As mentioned earlier, for a regression task we'll use a different sklearn class than we did for the classification task. The class we'll be using here is the DecisionTreeRegressor class, as opposed to the DecisionTreeClassifier from before.

# Train a regression tree model with training data 


# Code here
DecisionTreeRegressor(criterion='mse', max_depth=None, max_features=None,
           max_leaf_nodes=None, min_impurity_decrease=0.0,
           min_impurity_split=None, min_samples_leaf=1,
           min_samples_split=2, min_weight_fraction_leaf=0.0,
           presort=False, random_state=None, splitter='best')

Using test set, make predictions and calculate the MAE, MSE and RMSE

Just as with Decision Trees for classification, there are several commonly used metrics for evaluating the performance of our model.
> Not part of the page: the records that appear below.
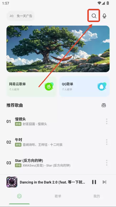 想要快速找到心仪的歌曲吗?岸听音乐App的搜索功能设计得非常便捷。操作的第一步,是打开App并进入首页。在首页界面的右上角,您会看到一个设计醒目的放大镜图标,点击这个图标即可直接进入核心搜索页面。
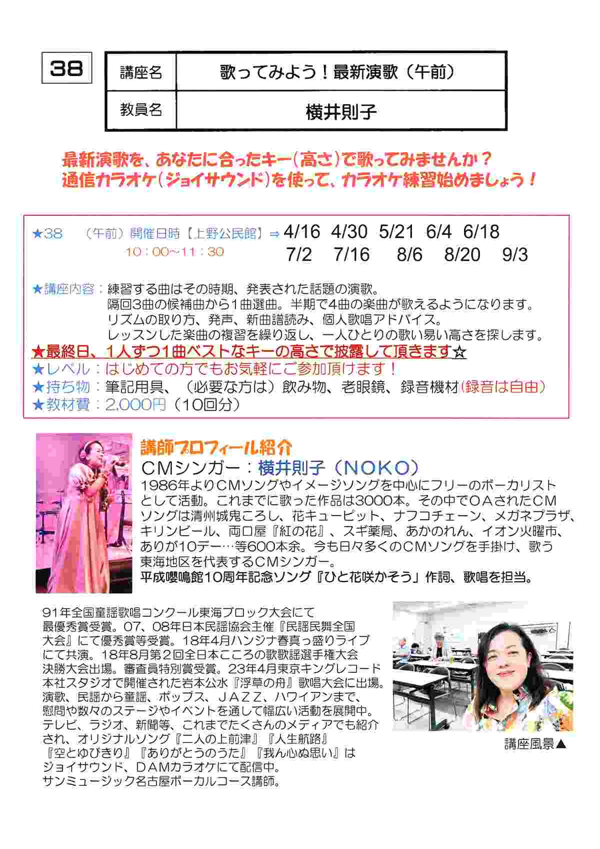 | 38 | 歌ってみよう!最新演歌(午前) | 横井則子 | 4/16・4/30・5/21・6/4・6/18・7/2・7/16・8/6・8/20・9/3 | 木 | 10:00~11:30 | 上公 | 10 | AB | ¥2,000 | 25 |
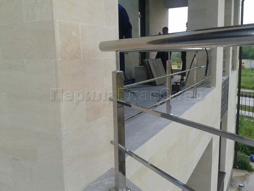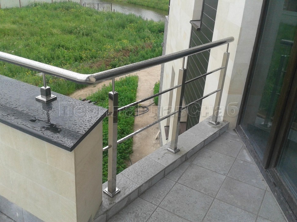 Четыре ригеля на сварке, круглый поручень и квадратные стойки
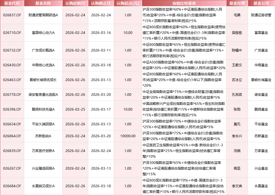 今日(2月24日)发行最为密集,当日6只产品集中上架。 包括财通资管周期研选(A:026837.OF C:026838.OF)、富国核心动力(A:026710.OF C:026711.OF)、苏新韵启(A:026864.OF C:026865.OF)、万家医疗创新(A:026839.OF C:026840.OF)、兴业臻选回报(A:026267.OF C:026268.OF)等。其中,万家医疗创新A以中证医药卫生指数为主要基准(65%),专注医药赛道机会;苏新韵启A认购起点为1万元,为本周门槛最高的产品,由资深基金经理李永兴管理。
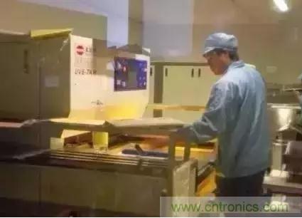 在覆銅板表面會(huì)涂一層感光液體,經(jīng)過80度的溫試烤干,再用菲林貼在PCB板上,再經(jīng)過紫外線曝光機(jī)曝光,撕下菲林。

The most common metrics are:

  • Mean Absolute Error (MAE)
  • Mean Squared Error (MSE)
  • Root Mean Squared Error (RMSE)

If these look familiar, its likely because you have already seen them before--they are common evaluation metrics for any sort of regression model, and as we can see, Regressions performed with Decision Tree models are no exception!

Since these are common evaluation metrics, sklearn has functions for each of them that we can use to make our job easier. You'll find these functions inside the metrics module. In the cell below, calculate each of the three evaluation metrics listed above!

# Predict and evaluate the predictions


# Code here
Mean Absolute Error: 55.6
Mean Squared Error: 6286.2
Root Mean Squared Error: 79.28555984540942

Level Up - Optional

  • In order to understand and interpret a tree structure, we need some domain knowledge in which the data was generated. That can help us inspect each leaf and investigate/prune the tree based on qualitative analysis.

  • Look at the hyper parameters used in the regression tree, check their values ranges in official doc and try running some optimization by growing a number of trees in a loop.

  • Use a dataset that you are familiar with and run tree regression to see if you can interpret the results.

  • Check for outliers, try normalization and see the impact on the output

Summary

In this lesson, we developed a tree regressor architecture to train the regressor and predict values for unseen data. We saw that with a vanilla approach, the results were not so great, and this requires further pre-tuning of the model (what we described as hyper parameter optimization OR pruning in the case of trees.